* Exercise prompt:
Go through the records and set each one down exactly, skipping any picture.

Stored items from a collection
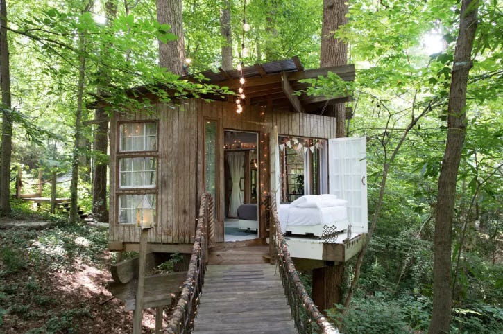 According to the listing, this secluded treehouse is one of the most sought after Airbnb rentals in the world, and I can totally see why. You and your boo will be sleeping above the trees in this sweet Atlanta, Georgia hideaway. There are three different sections which are all connected by hanging bridges. Live out your childhood fantasies in this fairy tale treehouse.
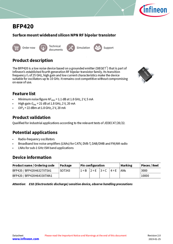 BFP420H6327XTSA1 Infineon Technologies BFP420H6327XTSA1 Tranzystor (BJT) - dykretny 1 szt.
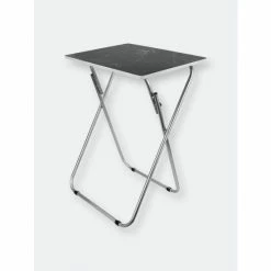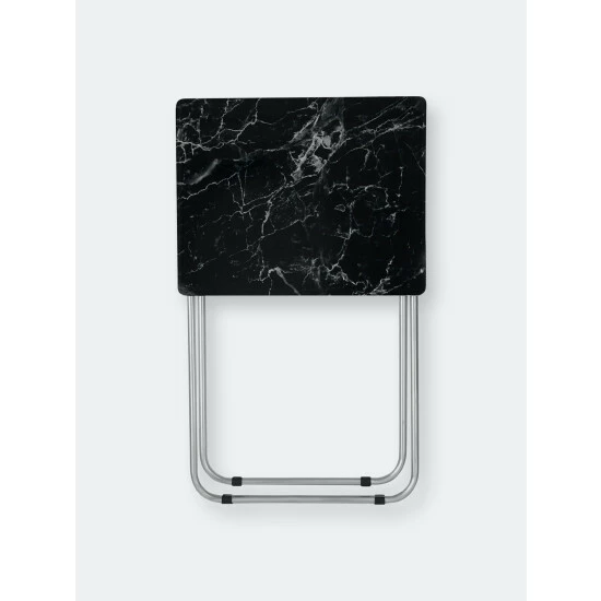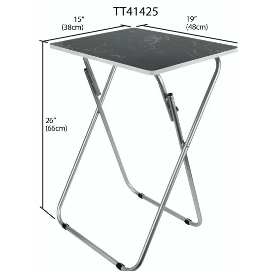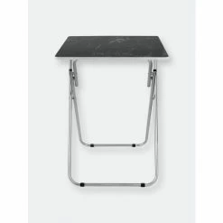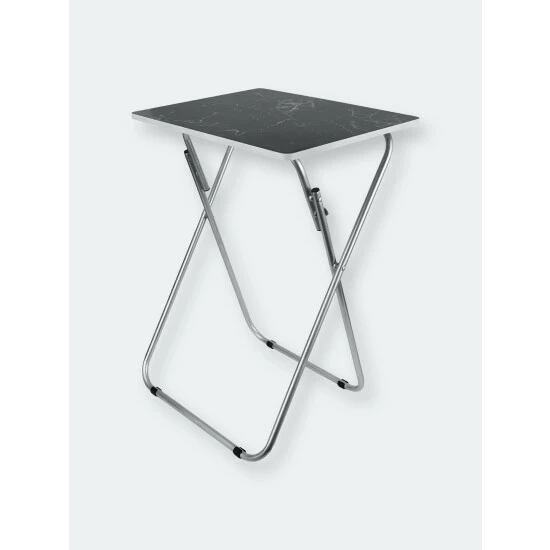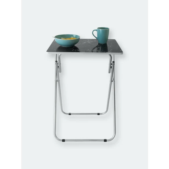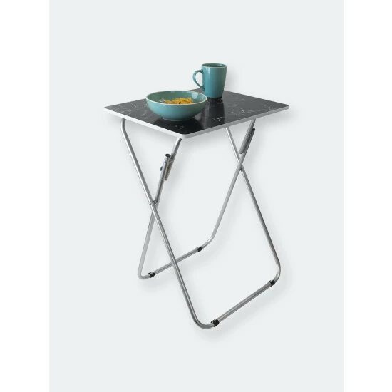 Set a colorful selection of your finest cuisine on the smooth marble surface of this folding multi-functional table. Then add in a set of leather seats in the equation and you’re sure to wow your guests with your penchant for all things posh and classy. The rich veined marble-like top, lends a contemporary flair, making it perfect to coordinate with a variety of decor. Equipped with steel legs and a MDF top, it’s perfect to use indoors or out. It easily folds to store away when not in use. Item dimensions may differ slightly due to the unique nature of the product. Color and finish may also differ from images shown due to differences in monitor displays. Props and accessories are not included.
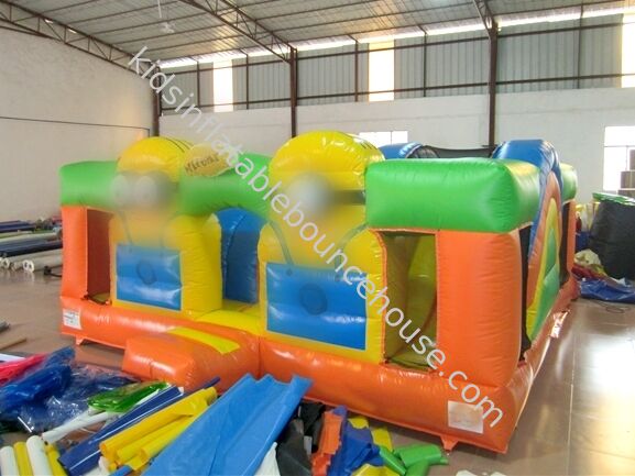 Dit levendige gele opblaasbare springkasteel is voorzien van een ingebouwde glijbaan, wat zorgt voor spannend entertainment voor buitenevenementen en feesten. De commerciële constructie garandeert veilig spring- en glijplezier voor kinderen van alle leeftijden.
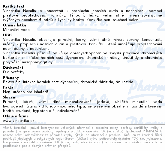 Vincentka Nasalis - koncentrát k proplachu nosních dutin a hosohltanu pomocí plastové proplachovací konvičky. Přírodní, léčivý, velmi silně mineralizovaný, se zvýšeným obsahem fluoridů a kyseliny borité. Konvička není součástí balení.

* Task solution:
 According to the listing, this secluded treehouse is one of the most sought after Airbnb rentals in the world, and I can totally see why. You and your boo will be sleeping above the trees in this sweet Atlanta, Georgia hideaway. There are three different sections which are all connected by hanging bridges. Live out your childhood fantasies in this fairy tale treehouse.
 BFP420H6327XTSA1 Infineon Technologies BFP420H6327XTSA1 Tranzystor (BJT) - dykretny 1 szt.
 Set a colorful selection of your finest cuisine on the smooth marble surface of this folding multi-functional table. Then add in a set of leather seats in the equation and you’re sure to wow your guests with your penchant for all things posh and classy. The rich veined marble-like top, lends a contemporary flair, making it perfect to coordinate with a variety of decor. Equipped with steel legs and a MDF top, it’s perfect to use indoors or out. It easily folds to store away when not in use. Item dimensions may differ slightly due to the unique nature of the product. Color and finish may also differ from images shown due to differences in monitor displays. Props and accessories are not included.
 Dit levendige gele opblaasbare springkasteel is voorzien van een ingebouwde glijbaan, wat zorgt voor spannend entertainment voor buitenevenementen en feesten. De commerciële constructie garandeert veilig spring- en glijplezier voor kinderen van alle leeftijden.
 Vincentka Nasalis - koncentrát k proplachu nosních dutin a hosohltanu pomocí plastové proplachovací konvičky. Přírodní, léčivý, velmi silně mineralizovaný, se zvýšeným obsahem fluoridů a kyseliny borité. Konvička není součástí balení.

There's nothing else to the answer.